In this paper, we propose a trellis encoder-decoder network for crowd counting, which focuses on generating high-quality density estimation maps.
**
**
First, we develop a new trellis architecture that incorporates multiple decoding paths to hierarchically aggregate features at different encoding stages, which improves the representative capability of convolutional features for large variations in objects.

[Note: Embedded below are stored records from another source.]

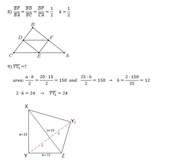 8)D, E and F are the midpoints of BC, CA, and AB respectively. A dilation maps triangle ABC to triangle DEF. What is the scale factor of this dilation?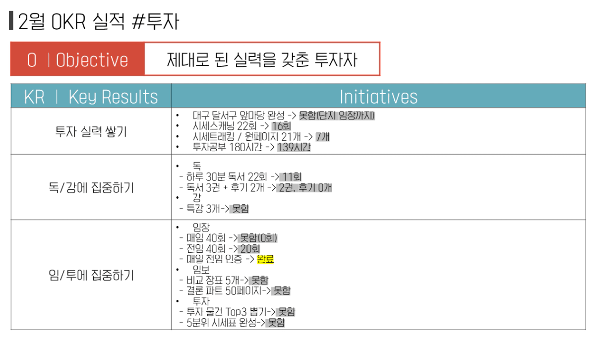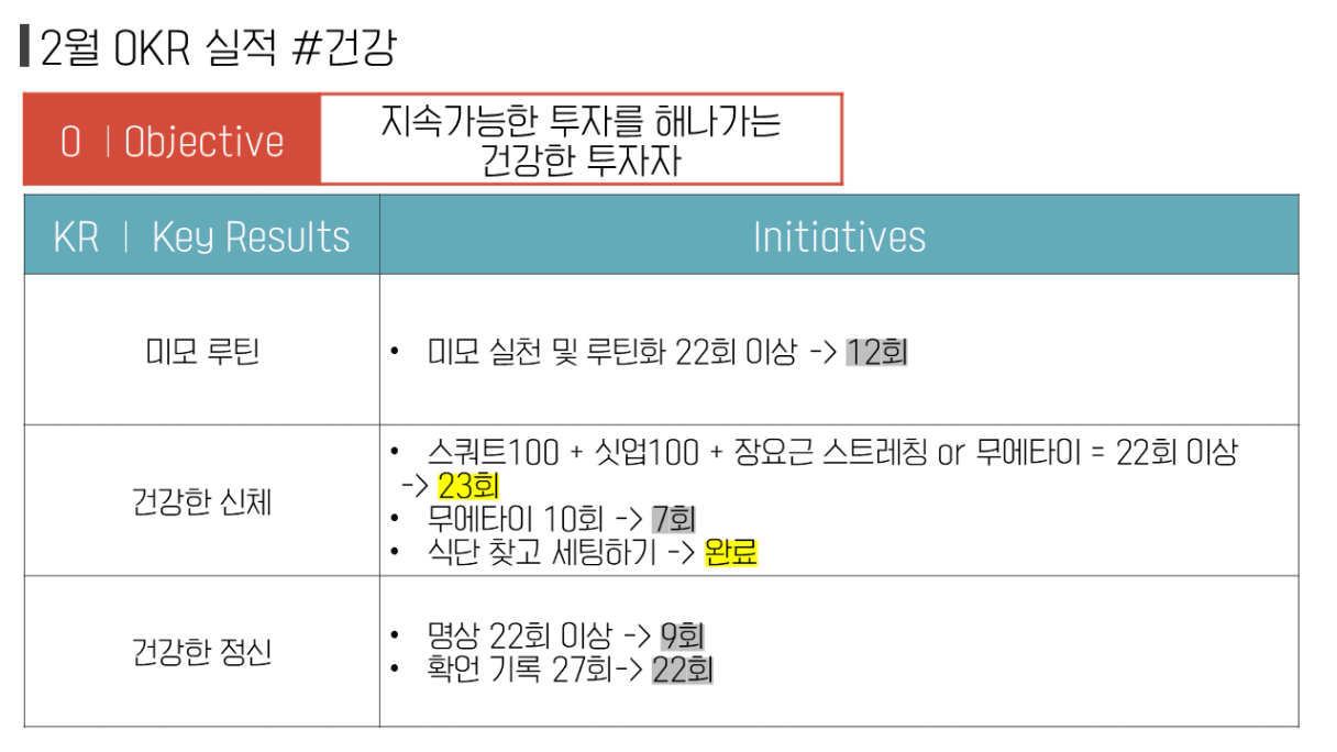 2월은 가족 여행, 명절 등 여러 일정과 돌발 이슈로 목표를 제대로 수행하지 못했다. 얼른 정신차리고 바쁘지만 해내는 3월을 만들어야겠다.
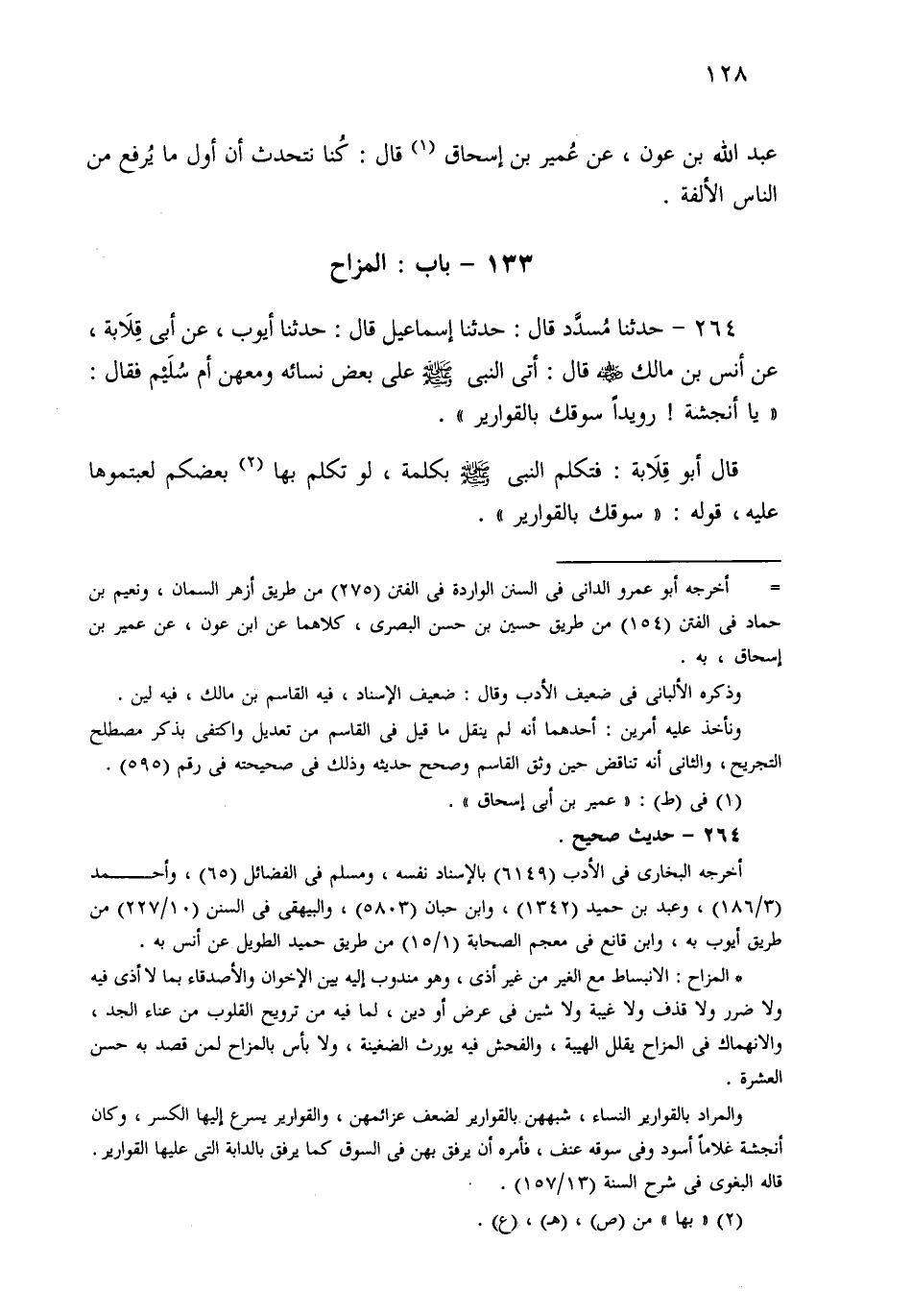 264- حَدثنا مُسَدَّدٌ، قَالَ: حَدثنا إِسْمَاعِيلُ، قَالَ: حَدثنا أَيُّوبُ، عَنْ أَبِي قِلاَبَةَ، عَنْ أَنَسِ بْنِ مَالِكٍ قَالَ: أَتَى النَّبِيُّ صَلى الله عَلَيهِ وسَلم عَلَى بَعْضِ نِسَائِهِ وَمَعَهُنَّ أُمُّ سُلَيْمٍ، فَقَالَ: يَا أَنْجَشَةُ، رُوَيْدًا سَوْقَكَ بِالْقَوَارِيرِ.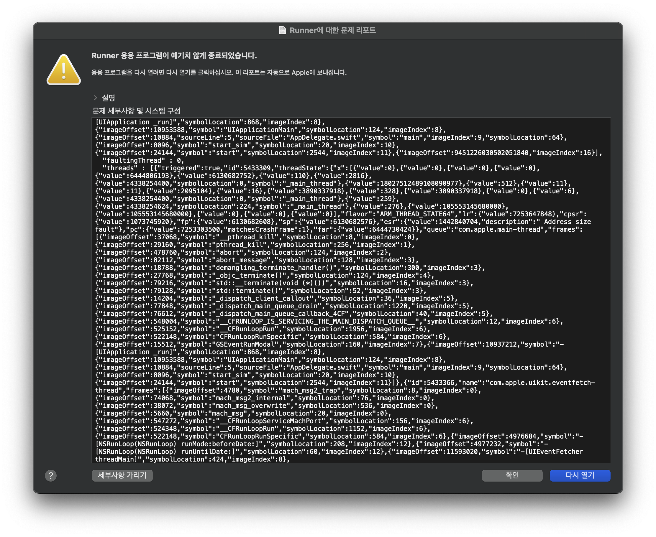 종료되고 나서 그나마 다행히 MacOS의 버그 리포트가 나와서 로그를 보려고 했는데, 상당히 길었다…▼
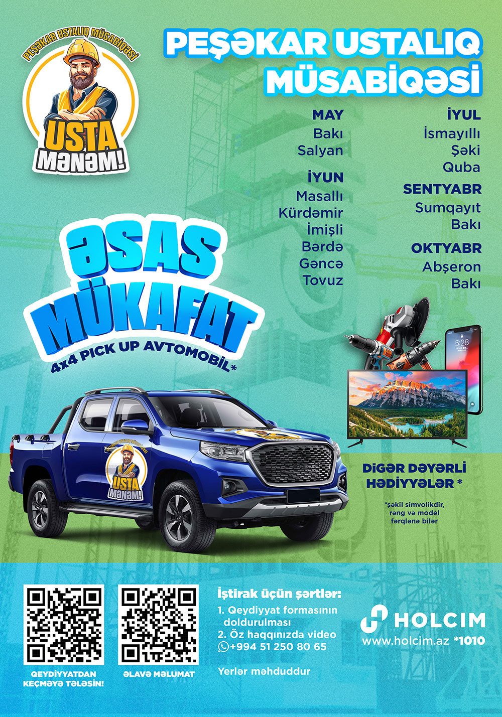 Holcim hər kəsi bu maraqlı müsabiqədə iştirak etməyə dəvət edir, çünki Usta Sənsən! raflı məlumat üçün www.holcim.az saytına daxil olun və ya *1010 nömrəsi ilə təşkilatçılarla əlaqə saxlayın.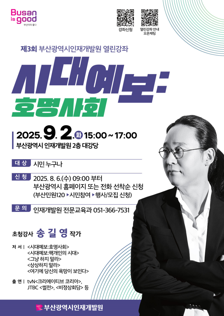 송광행 인재개발원장은 “시민 여러분이 사회 흐름을 이해하고 미래를 준비하는 데 유익한 시간이 되길 바란다”라며, “앞으로도 지식과 경험을 나눌 수 있는 강연을 꾸준히 이어가겠다”라고 전했다.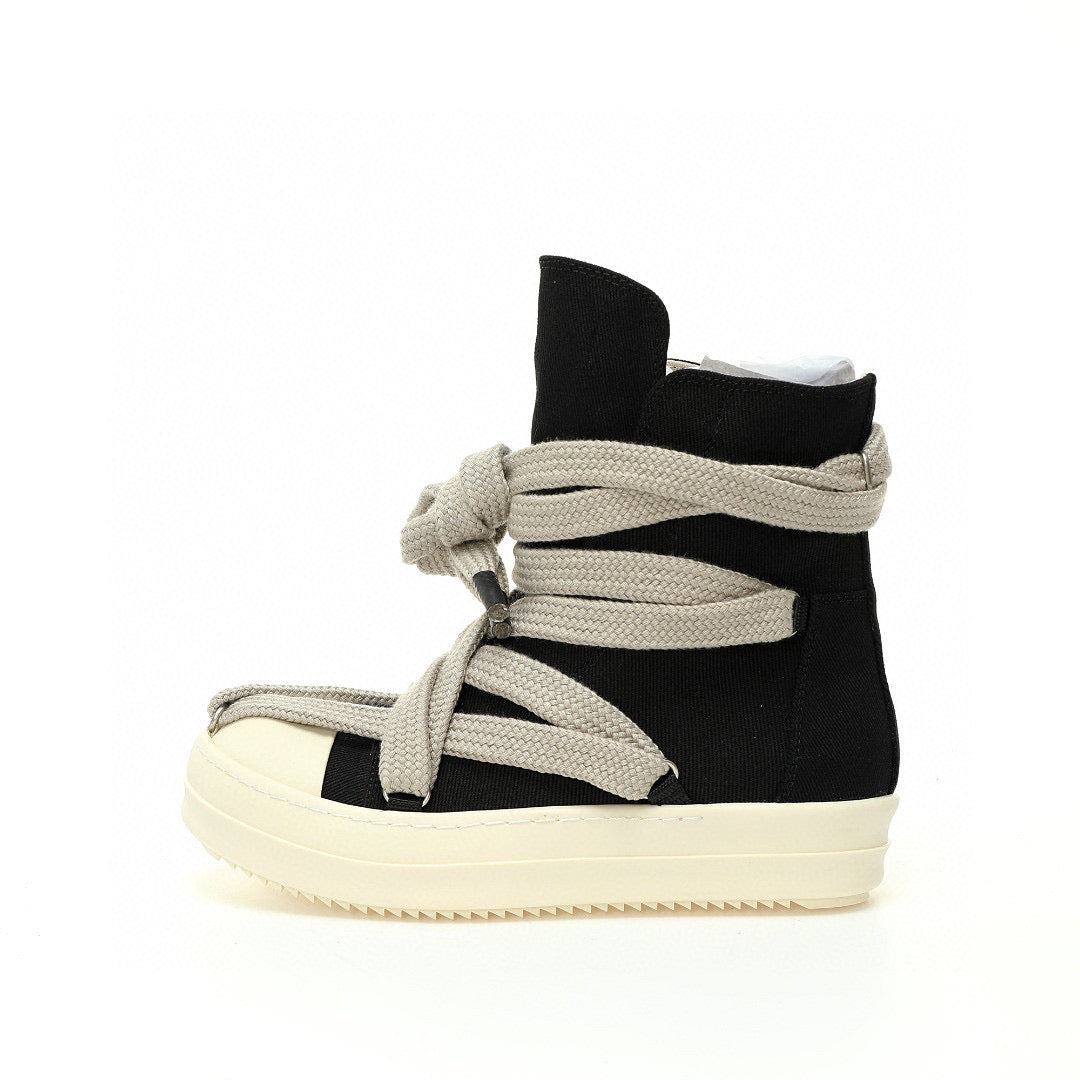 Sneaker high-top Rick Owens DRKSHDW modello Hexa in canvas nero con lacci oversize intrecciati beige/grigio. Suola platform in gomma avorio con profilo rigato iconico. Chiusura laterale con zip in argento. Include scatola originale Rick Owens e tote bag in cotone verde militare. Made in Italy.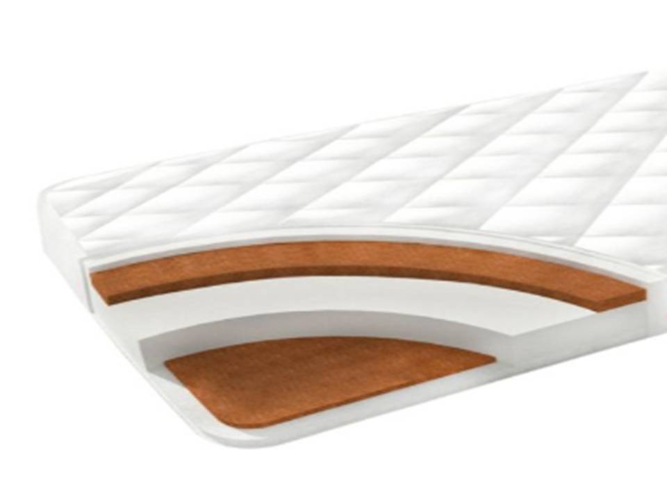 С двух сторон матраса находятся листы жесткой кокосовой койры абсолютно натурального экологического материала. Данный наполнитель является идеальным вариантом для формирования здоровой осанки у новорожденного. Не смотря на свою жесткость и прочность, кокосовая койра достаточно эластична и упруга. Также она имеет нулевую влагопроницаемость, а ее волокнистая структура обеспечивает нужный воздухообмен.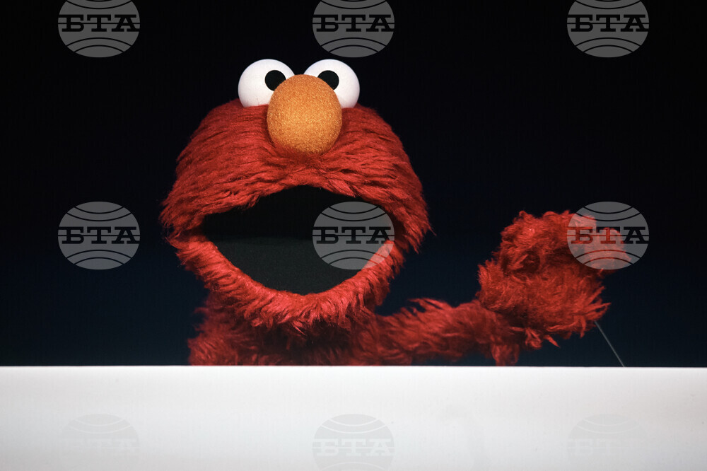 Elmo form Sesame Street speaks during the Concordia Annual Summit in New York, Tuesday, Sept. 23, 2025. (AP Photo/Andres Kudacki)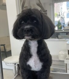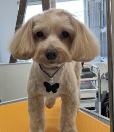 マイクロナノバブル浴のカットコースをご利用のミックス犬(ヨーキー×トイプードル)の小春ちゃんは、体5㎜四肢細くお顔も短くテディベアのご注文です…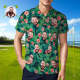 Men's Custom Face POLO Shirt Personalized Green Golf Shirts For Him Hawaiian Pink Flower

Second, We establish a multi-path decoder that pervasively aggregates the spatially-endowed features within a decoding feature hierarchy and progressively fuses multiscale features with dense skip connections interleaved in the hierarchy
Third, we propose a new combinatorial loss to enforce similarities in local coherence and spatial correlation between maps. By distributedly imposing this combinatorial loss on intermediate outputs, TEDnet can improve the back-propagation process and alleviate the gradient vanishing problem.
**
**
CNNs were originally designed for classification tasks. The resolution of feature maps is gradually degraded due to down-sampling operations, and thus, the localization precision is lowered. It is desirable to maintain a favorable balance between spatial resolution preservation and semantic feature extraction. TEDnet takes full images, rather than image patches, as the input and outputs full-resolution density maps.
As is shown in the following picture, there are four parts of the model: multiscale encoder, the multi-path decoder, and distributed supervision with combinatorial loss.
Multi-Scale Encoder:
to extract reliable features relevant to crowded human objects. The multi-scale encoding block is capable of overcoming occlusions and scale variations present in crowd counting scenes. Only use 2X2 MP(Max Pooling) and dilation to enlarge the receptive fields.
Multi-Path Decoder:
to hierarchically aggregate the spatially-preserved features and restore the spatial resolution in the density map. There are many ways to fuse them, but all are not the best.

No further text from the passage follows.